Fortunately, Postgres provides functionally to handle all the above meaning the query does not have to handle the individual validations. This is DATERANGEs and the Overlap operator. The difficult work then becomes defining each week with in A. Then employ the Overlap operator on daterange for each week in A against the daterange for B (start_date, end_date). Then do conditional aggregation. for each overlap detected. See full example here.
with problem_list( problem_id ) as
-- identify the specific problem_ids desirded
(select ps.id
from projects p
join problems ps on(ps.id_project = p.id)
where p.id = &selected_project
) --select * from problem_list;
, report_period(srange, erange) as
-- generate the first day of week (Mon) for the
-- oldest start date through day of week of Current_Date
(select min(first_of_week(ps.start_date))
, first_of_week(current_date)
from problem_status ps
join problem_list pl
on (pl.problem_id = ps.id_problem)
) --select * from report_period;
, weekly_calendar(wk,yr, week_dates) as
-- expand the start, end date ranges to week dates (Mon-Sun)
-- and identify the week number with year
(select extract( week from mon)::integer wk
, extract( isoyear from mon)::integer yr
, daterange(mon, mon+6, '[]'::text) wk_dates
from (select generate_series(srange,erange, interval '7 days')::date mon
from report_period
) d
) -- select * from weekly_calendar;
, status_by_week(yr,wk,status) as
-- determine where problem start_date, end_date overlaps each calendar week
-- then where multiple statuses exist for any week keep only the lat
( select yr,wk,status
from (select wc.yr,wc.wk,ps.status
-- , ps.start_date, wc.week_dates,id_problem
, row_number() over (partition by ps.id_problem,yr,wk order by yr, wk, start_date desc) rn
from problem_status ps
join problem_list pl on (pl.problem_id = ps.id_problem)

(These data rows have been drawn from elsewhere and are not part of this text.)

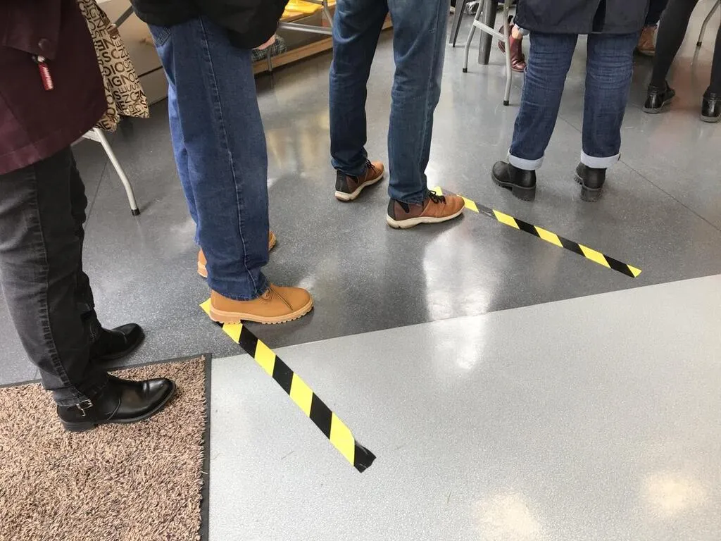 8 h 30. Bureau de vote de la Pyramide. Édouard arrive masqué. Atteint de la maladie de Lyme, il ne veut prendre aucun risque mais a fait le choix de venir voter. Au sol, du ruban adhésif pour indiquer les distances de sécurité à respecter entre les votants.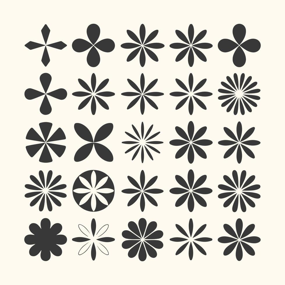 Art of a collection of 25 diverse abstract floral and starshaped graphic elements, isolated on a, perfect for design projects Pro Vector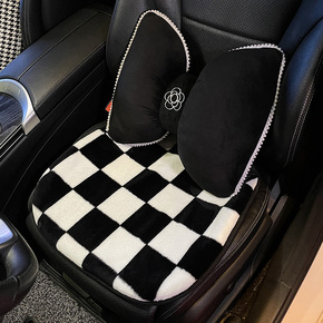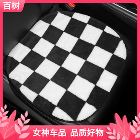 汽车坐垫黑白棋格毛绒车载座垫秋冬季简约保暖女士车用...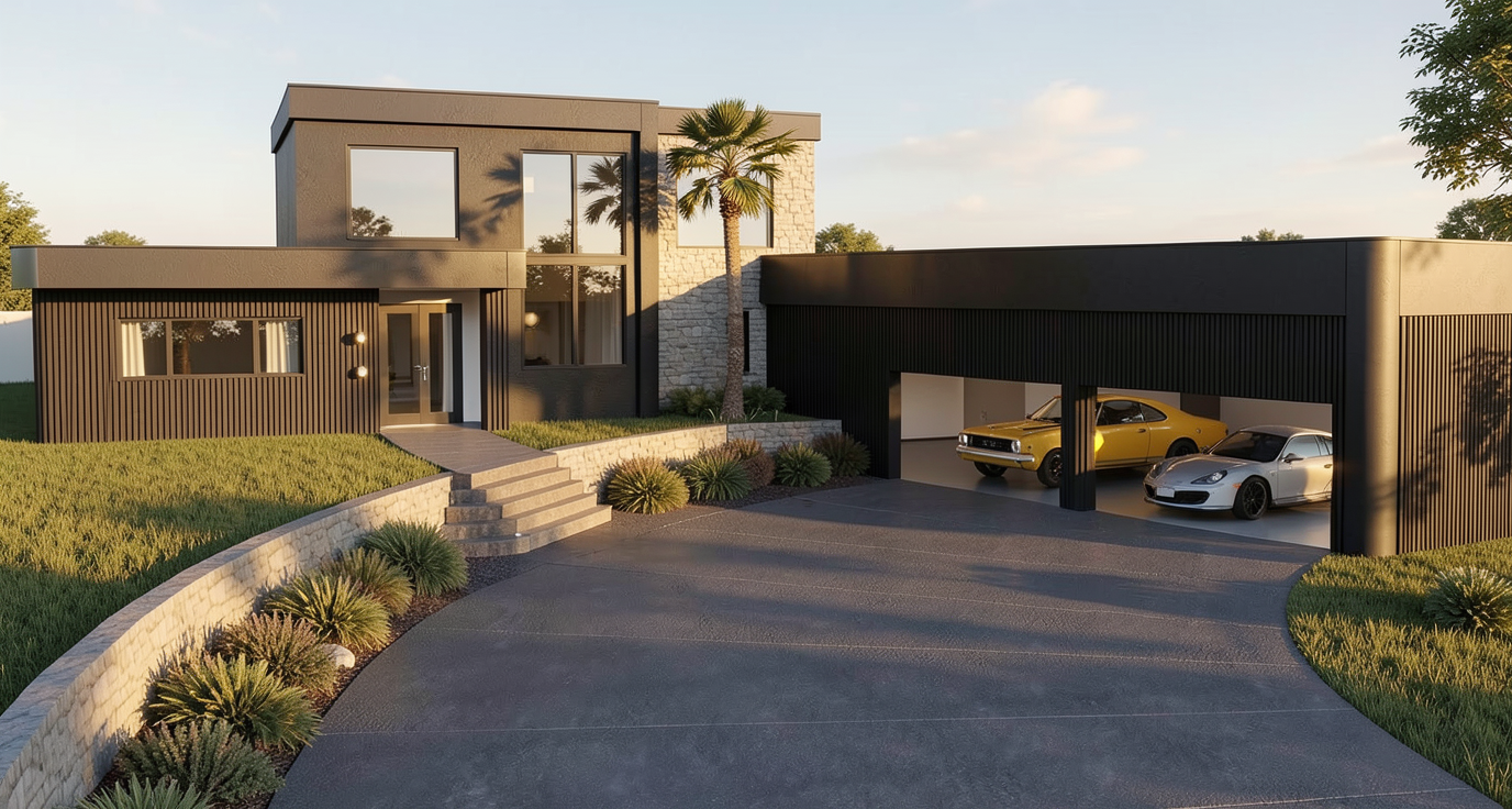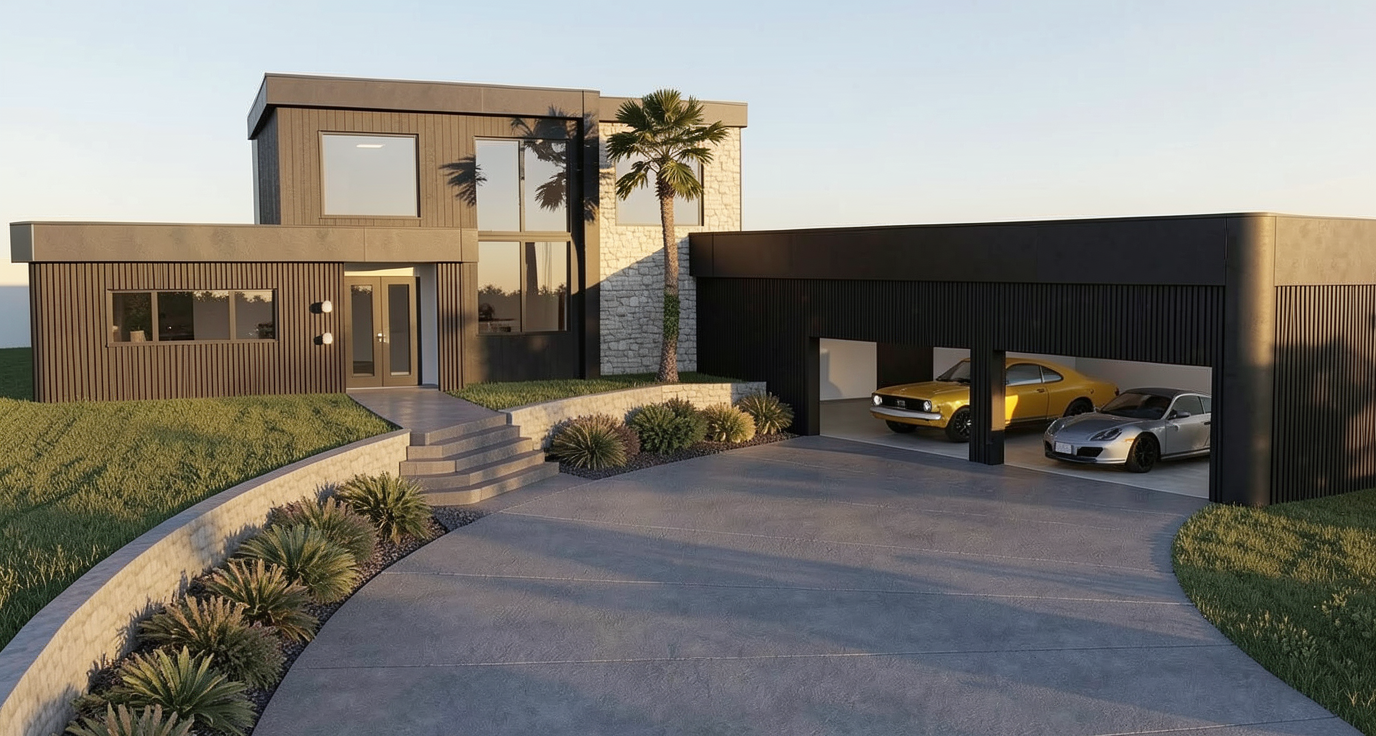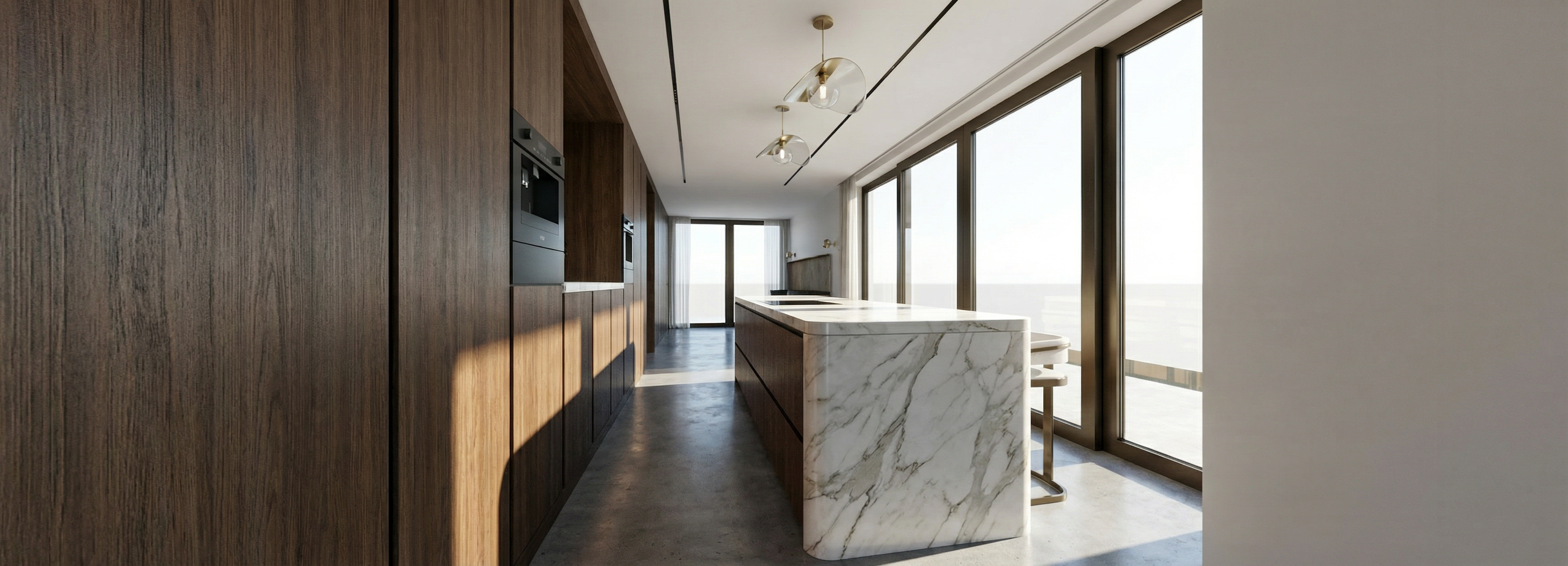 it s important to keep the sizes of everything the same change textures and materials but keep the sizes of everything the same make rock realistic its important to keep to scale this room is big do not change size of windows or doors do not add doors or windows do not change or add fixtures warm modern luxury bathroom with light gray marble or quartzite subtle veining polished finish light natural wood cabinetry mixed with painted off white cabinets flat panel doors minimal hardware soft warm lighting pendant over tub brushed brass accents tall brass faucet neutral color palette creamy whites warm taupes light wood tones wide plank oak flooring clean and minimal styling high end residential design soft ambient glow architectural visualization ultra realistic 8k detail back ground in pine trees and montana vegetation add shelf between tub and window dont add vanities

join weekly_calendar wc on (wc.week_dates && daterange(ps.start_date,ps.end_date)) -- actual overlap test
) ac
where rn=1
) -- select * from status_by_week order by wk;
select 'Project ' || p.id || ': ' || p.description Project
, to_char(wk,'fm09') || '/' || substr(to_char(yr,'fm0000'),3) "WK"
, "Red", "Yellow", "Green"
from projects p
cross join (select sbw.yr,sbw.wk
, count(*) filter (where sbw.status = 'Red') "Red"
, count(*) filter (where sbw.status = 'Yellow') "Yellow"
, count(*) filter (where sbw.status = 'Green') "Green"
from status_by_week sbw
group by sbw.yr, sbw.wk
) sr
where p.id = &selected_project
order by yr,wk;
The CTEs and main operate as follows:
problem_list: Identifies the Problems (id_problem) related the
specified project.
report_period: Identifies the full reporting period start to end.
weekly_calendar: Generates the beginning date (Mon) and ending date (Sun) for each week within the reporting period (A above). Along the
way it also gathers week of the year and the ISO year.
status_by_week: This is the real work horse preforming two tasks.
First is passes each problem by each of the week in the calendar. It
builds row for each overlap detected. Then it enforces the "one
status" rule.
Finally, the main select aggregates the status into the appropriate
buckets and adds the syntactic sugar getting the Program Name.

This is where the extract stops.